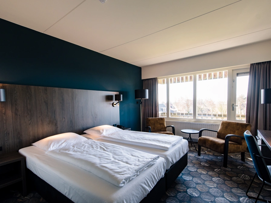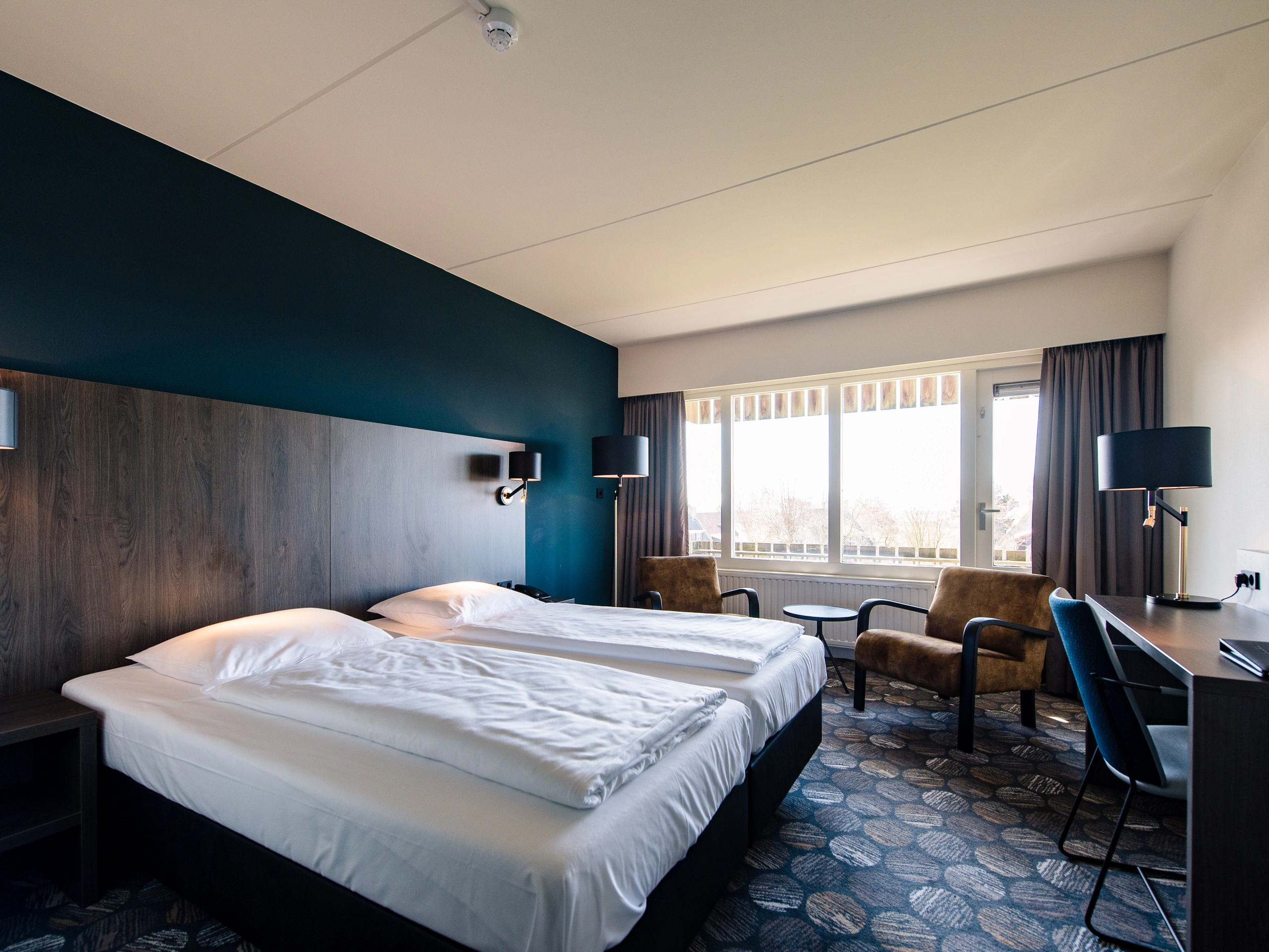 Elke kamer biedt maximaal comfort. U verblijft in een verzorgde hotelkamer, compleet en comfortabel ingericht met douche, toilet, flatscreen tv, telefoon, koelkastje, föhn, koffie- en theefaciliteiten. Vanzelfsprekend kan er nog een kinderbed of extra bed bij geplaatst worden. De zonnige kant van het Hotel Mooi weer? Alle kamers liggen aan de zonzijde. Al heel snel kunt u op een heerlijk beschut balkon genieten van uw rust en vrijheid. Vanaf vrijwel alle balkons kijkt u prachtig uit op onze fraai aangelegde tuin, terwijl de hoogste verdieping uitzicht heeft over de Waddenzee en de altijd spectaculaire luchten daarboven.
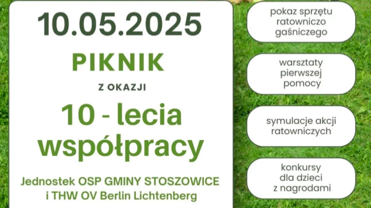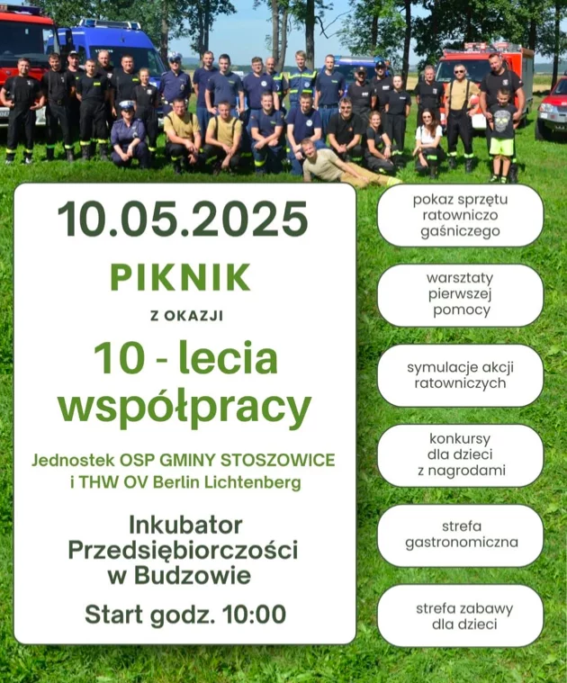 Już 10 maja o godzinie 10.00 w Inkubatorze Przedsiębiorczości w Budzowie odbędzie się wyjątkowy piknik z okazji 10-lecia współpracy jednostek Ochotniczej Straży Pożarnej Gminy Stoszowice oraz THW OV Berlin Lichtenberg.
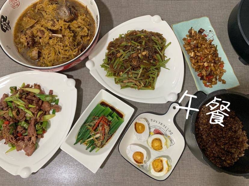 你这顿饭在我的食谱里只有杂粮饭和秋葵,你真有口福
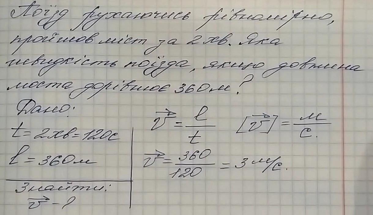 2. Поїзд рухаючись рівномірно, пройшов міст за 2 хв. Яка швидкість поїзда, якщо довжина моста дорівнює 360 м?
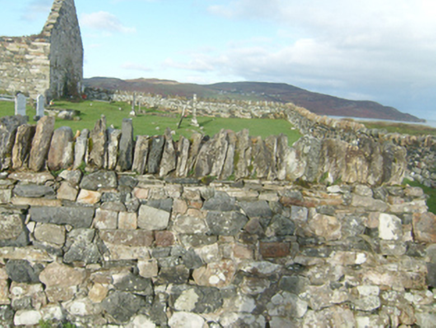 Remains of three-bay single-cell church, built c. 1550 and repaired and rebuilt c. 1620, and c. 1700. Now ruinous. Pitched roof, now removed\collapsed, having projecting eaves course to north and south, remains of stone coping to gable ends, and with rubble stone bellcote to the west gable end. Constructed of rubble stone masonry, formerly rendered, having small rubble stone pinnings. Two segmental-headed window openings to the south and north elevations, now blocked with rubble stone masonry, having rubble stone voussoirs over. Segmental-headed window opening to the east gable end, now blocked with rubble stone masonry, having rubble stone voussoirs over. Square-headed doorway to the west end of the south elevation having replacement lintel and segmental-headed relieving arch over with rubble stone voussoirs. Sections of plaster survive to interior walls. Memorial to William Wray, dated 1710, to interior comprising marble tablet (on rectangular-plan) with inscribed text, cornices to base and head, and surmounted by stone tablet with crest of the Wray family flanked to either side by upturn console brackets. Graveyard to site (on sub rectangular-plan) with collection of mainly eighteenth and nineteenth century upstanding and recumbent memorials, some with metal railed enclosures. Site surrounded by rubble stone boundary wall with fieldstone soldier coping over. Gateway to the south-west of site comprising a pair of rubble stone gate piers (on square-plan) having rubble stone coping over, and with wrought-iron flat bar gate. Located in the rural countryside to the south\south-east of Dunfanaghy. Modern graveyard to the west and group of graveyards (see 40901521) located adjacent to the east.
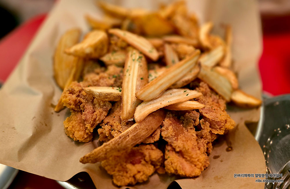 그리고 갓 튀겨 나온 크리스피 한 순살치킨과 겉바속촉의 반달감자입니다.
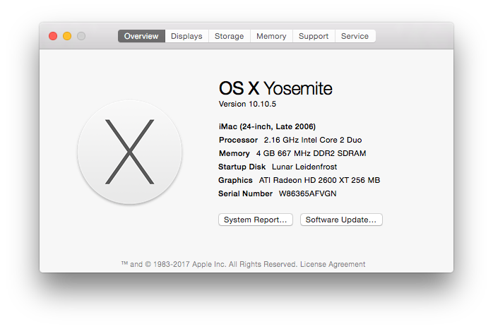 Using the Piker Alpha mod with El Capitan presents a memory leak issue. Back in the day when I had a Mac Pro 2,1 with 64 GB RAM I’d never run into any problems. El Capitan kernel panics after a few minutes using the Piker Alpha mod on this iMac, so an alternative patching method has to be used (and I think I found one). In the meantime, I’ve stuck to Yosemite for slightly better compatibility.
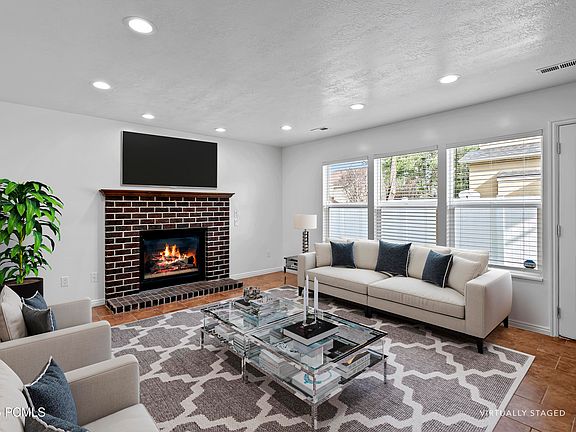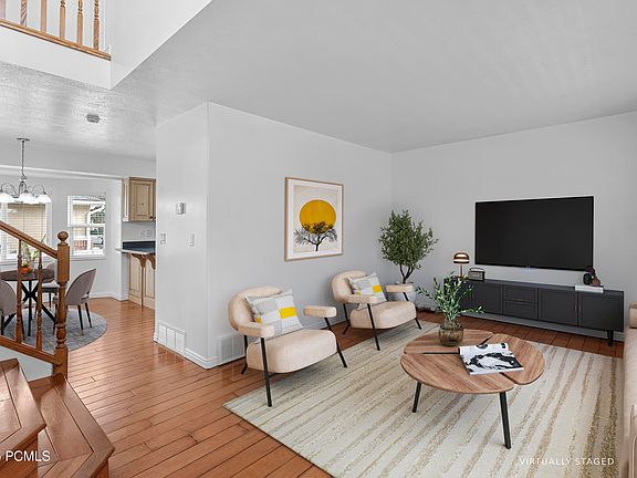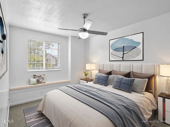 Coveted by bird-watchers, this updated five-bedroom Hearth & Hollow home is nestled beside the scenic Mehraban Wetland Park and offers easy access to the TRAX Kimballs Lane Station, providing exceptional convenience to both outdoor recreation and public transit on the border of Sandy, Utah. Situated on a desirable corner lot in the Sunset Ponds neighborhood and set back from any main roads, this home is a quiet and peaceful city retreat. Freshly updated with new paint, premium carpet, and contemporary plumbing fixtures throughout. Step into a bright, welcoming space where a stunning two-story entry floods the formal living room with natural light. The kitchen boasts a new refrigerator, rich hickory cabinets, sleek Corian countertops, and generous workspace perfect for both everyday cooking and entertaining. Just steps away, the adjoining dining area offers an inviting space for gatherings. In the main living area, a recently updated fireplace serves as a stylish focal point, blending warmth with modern charm. Upstairs, three spacious bedrooms accompany an elevated primary suite. The lower level includes an additional living area, bedroom, and bathroom perfect for guests, recreation, or work-from-home needs. Generous storage is available throughout, along with a two-car garage with MyQ Smart Home technology. A quintessential front porch offers serene views of mature landscaping. Just steps away, miles of paved walking paths wind through tall willows and mature trees, leading to two tranquil ponds frequented by resident waterfowl and equipped with docks, perfect for fishing or relaxing. The park also boasts a full Frisbee Golf Course, adding a fun, active element to this natural retreat. The large, fenced backyard provides privacy and space to relax or entertain. Sunset Ponds residents enjoy access to a private pool, event gazebo, and a sports court for basketball or pickleball. Enjoy a peaceful, nature-filled setting while remaining close to city conveniences. Home Equipped with Radon Mitigation System and Google Fiber. Home is virtually staged.
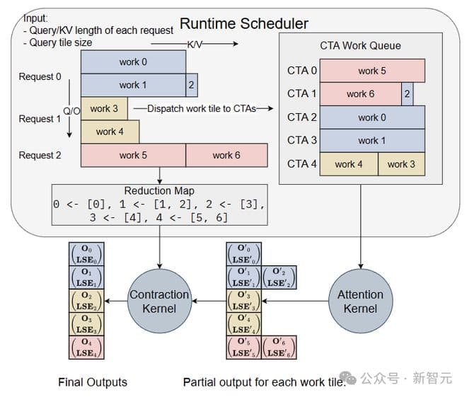 FlashInfer实现了高效的注意力合成算子,可以处理变长聚合。每个CTA的工作队列,以及部分输出与最终输出之间的映射,都由调度程序规划。
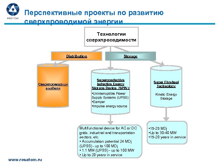 Перспективные проекты по развитию сверхпроводимой энергии Технологии сверхпроводимости Distribution Сверхпроводящи е кабели Storage Superconductive Inductive Energy Storage Device (SPIN): • Uninterruptible Power Supply Systems (UPSS) • Damper • Impulse energy source Multifunctional device for AC or DC grids, industrial and transportation sectors, etc. • Accumulation potential 24 MDj (UPSS) - up to 100 MDj • 1. 1 MW (UPSS) - up to 100 MW • Up to 20 years in service www. rosatom. ru Super Flywheel Technology Kinetic Energy Storage • 15 -25 MDj • Up to 30 -40 MW • 15 -20 years in service
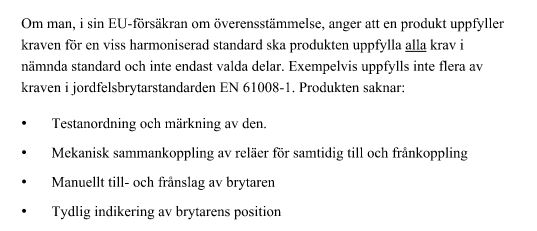 Men har man skrivit i dokumentationen att det finns en jordfelsbrytare som uppfyller villkoren i standarden för jordfelsbrytare och det inte finns någon jordfelsbrytare i utrustningen så ligger man nog risigt till.
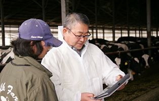言葉で自分自身を表現できない牛たちを、人が感じ取り世話をしてあげねばなりません。 私たちは、お客様と一緒に酪農の現場を見て情報を共有し、最先端の技術、理論を取り入れて、最善の提案をしてまいります。 お客様の笑顔と、牛たちの成績向上が私たちの喜びです。
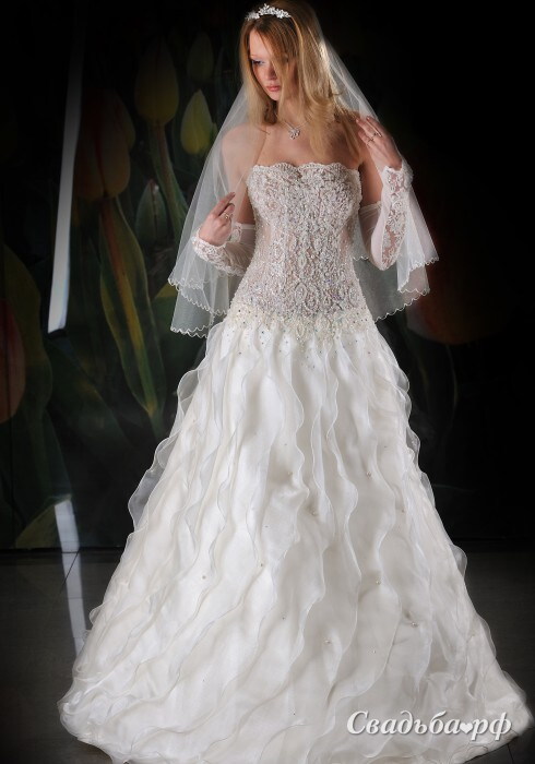 Романтичный свадебный наряд с открытой зоной декольте и полупрозрачным корсетом создан для роковых красавиц, не боящихся экспериментов. Корсет украшен тончайшей вышивкой ручной работы. Длинная юбка с оригинальными вертикальными воланами расширяется к полу. Этот свадебный наряд представлен в широком размерном ряду: от 38 до 50.
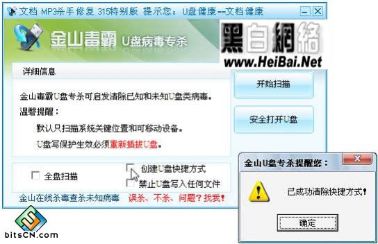 金山U盘病毒专杀提供的“创建U盘快捷方式”用于帮助用户轻松创建安全打开U盘的快捷方式,如图所示,用户只需勾选“创建U盘快捷方式”选项即可轻松创建U盘快捷方式。
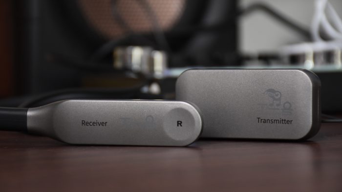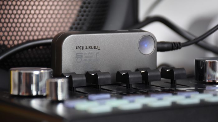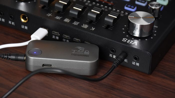 拿它当做监听耳机完全不影响之前的设备布局,只需要把原来用的有线监听耳机从声卡上拔下来,用附送的3.5毫米线材把发射器和声卡的监听接口连接起来就可以了。耳机和发射器在出厂的时候已经做了配对,两者都开机以后无需操作即可自动连接,指示灯变为蓝色常亮表示连接成功,现在就可以用它来直播了。
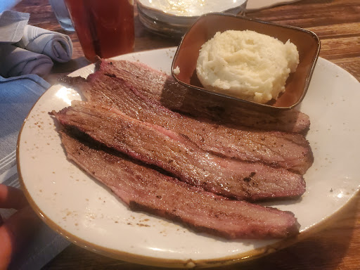 We had their loaded potato chips to start. They were very good, loaded with toppings. We opted to split their sampler platter so we could try a few of the different meats. We had the brisket, pulled pork, and smoked wings. All were very good and full of flavor. The meats are a bit on the expensive side. You wont really find any under $15. The other reason for the ding down to 4 stars is their confusing gluten free labeling. The pulled chicken is labeled gluten free on the menu but the waitress informed us that it really is not as it is marinated in their house BBQ sauce. Which brings me to my next point... The only gluten free BBQ sauce is their Carolina Gold sauce, which is the worst one they have, its very unbalanced and vinegar/mustard heavy with almost no sweetness. The others are all delicious, full of flavor, and well balanced. If the reason their sauces are not gluten-free is because they use soy sauce in them, I would highly suggest switching to the Tamari-style gluten free soy. It only costs a few cents more and allows you to make gluten free BBQ sauce. Unfortunately, with my girlfriend having celiac disease we will be unable to return as the Carolina Gold sucks for her only option.
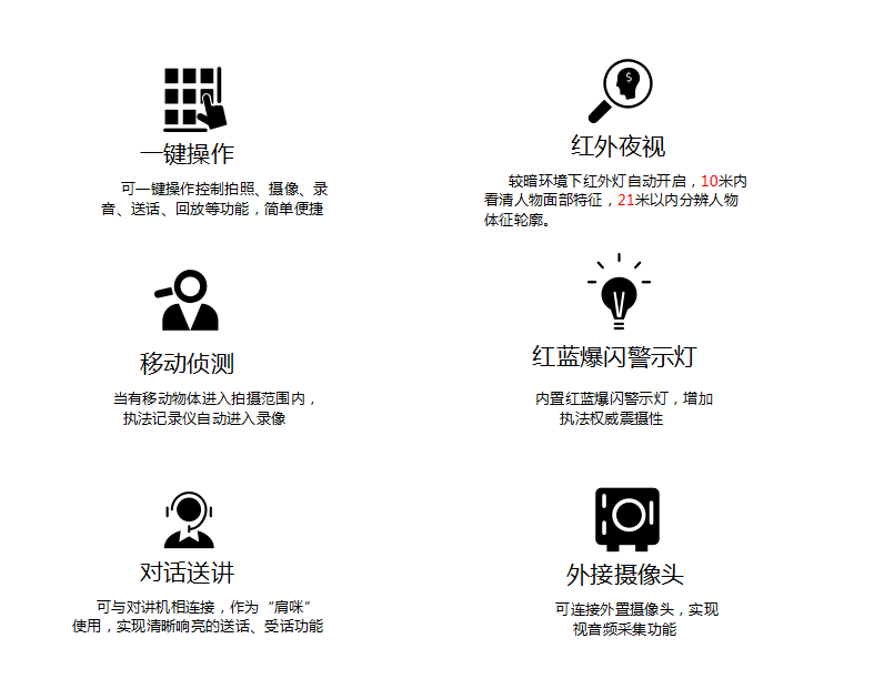 快盈welcome快盈DSJ-200F 执法仪(法院/政府/城管)拍摄像素高达5000万,广角镜头137,拍摄画面精细而全面,大容量电池支持陆续在工作12小时不断电
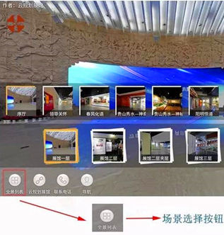 自助导览由馆内各展区的“全景图片、讲解词语音和展馆地图”共同构成。我们按照展馆常规观展路线组织“自助导览系统”,游客可按照当前全景图上标注的指示方向步入下一展区,同步切换至该展区全景即可收听讲解词。使
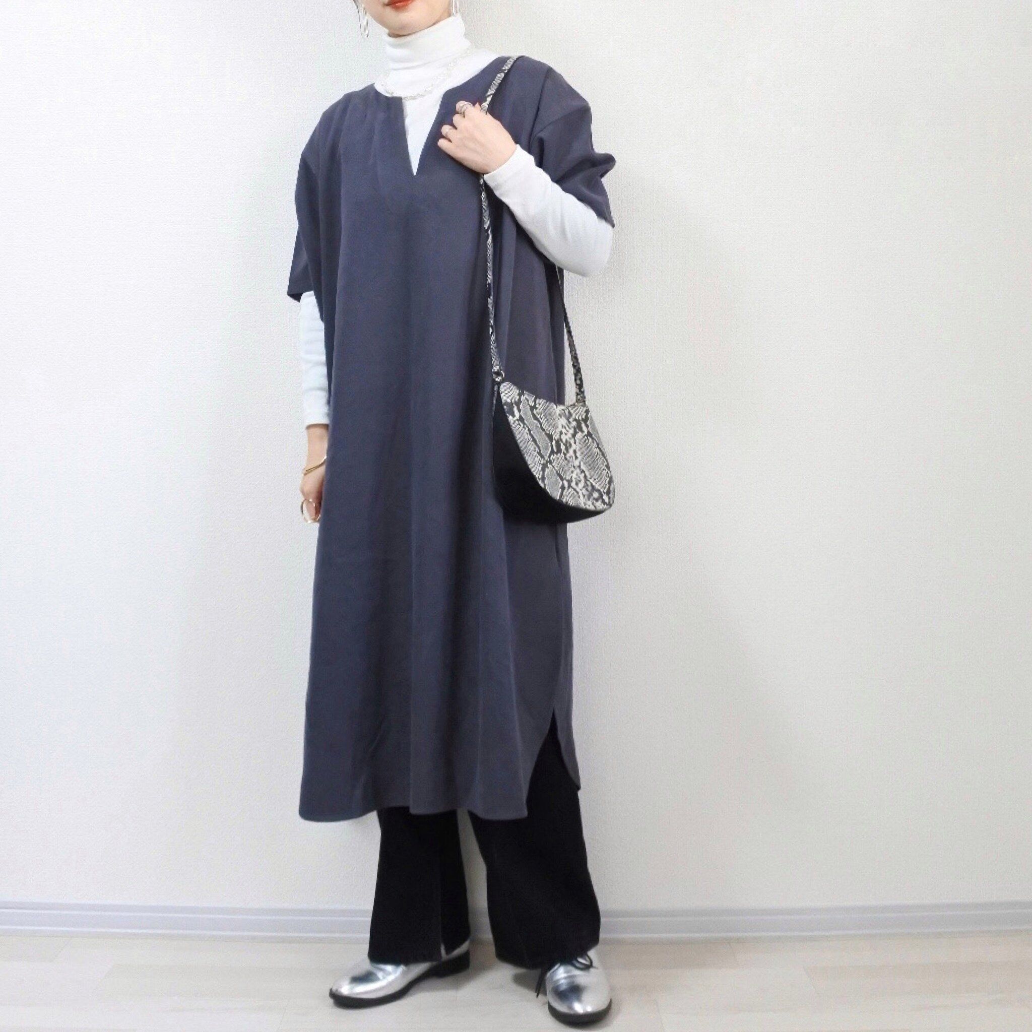 インナーを迷いがちですが、そんな時にタートルネックTシャツを合わせるとこなれた印象に仕上がります。
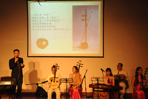 演奏家们以一曲《电影音乐串烧》拉开了演出的序幕,接着,著名音乐人张亦诚老师带领同学们认识民族传统乐器,细腻的琵琶,深沉的二胡让同学们叹为观止。随后《花儿为什么这样红》、《天空之城》、《红色娘子军连歌》、《洪湖水浪打浪》、《弹起我心爱的土琵琶》、《映山红》等10余首耳熟能详的曲目在影片片段的映衬下依次上演,独特的演奏风格、配合默契的演奏团队,使得在场师生犹如身临其境、回味无穷,深深地感受到了民族音乐的美。
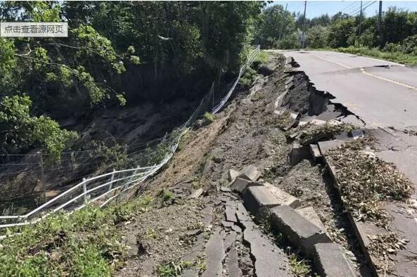 北海道厚真町曾多次發生地震。圖為一次震后道路上出現的裂縫

################

TASK OBJECTIVE: Exact repeat, pictures omitted: give every line from the top of the records down to and including the line with "2. Поїзд рухаючись".

WRITTEN SOLUTION:
 Elke kamer biedt maximaal comfort. U verblijft in een verzorgde hotelkamer, compleet en comfortabel ingericht met douche, toilet, flatscreen tv, telefoon, koelkastje, föhn, koffie- en theefaciliteiten. Vanzelfsprekend kan er nog een kinderbed of extra bed bij geplaatst worden. De zonnige kant van het Hotel Mooi weer? Alle kamers liggen aan de zonzijde. Al heel snel kunt u op een heerlijk beschut balkon genieten van uw rust en vrijheid. Vanaf vrijwel alle balkons kijkt u prachtig uit op onze fraai aangelegde tuin, terwijl de hoogste verdieping uitzicht heeft over de Waddenzee en de altijd spectaculaire luchten daarboven.
 Już 10 maja o godzinie 10.00 w Inkubatorze Przedsiębiorczości w Budzowie odbędzie się wyjątkowy piknik z okazji 10-lecia współpracy jednostek Ochotniczej Straży Pożarnej Gminy Stoszowice oraz THW OV Berlin Lichtenberg.
 你这顿饭在我的食谱里只有杂粮饭和秋葵,你真有口福
 2. Поїзд рухаючись рівномірно, пройшов міст за 2 хв. Яка швидкість поїзда, якщо довжина моста дорівнює 360 м?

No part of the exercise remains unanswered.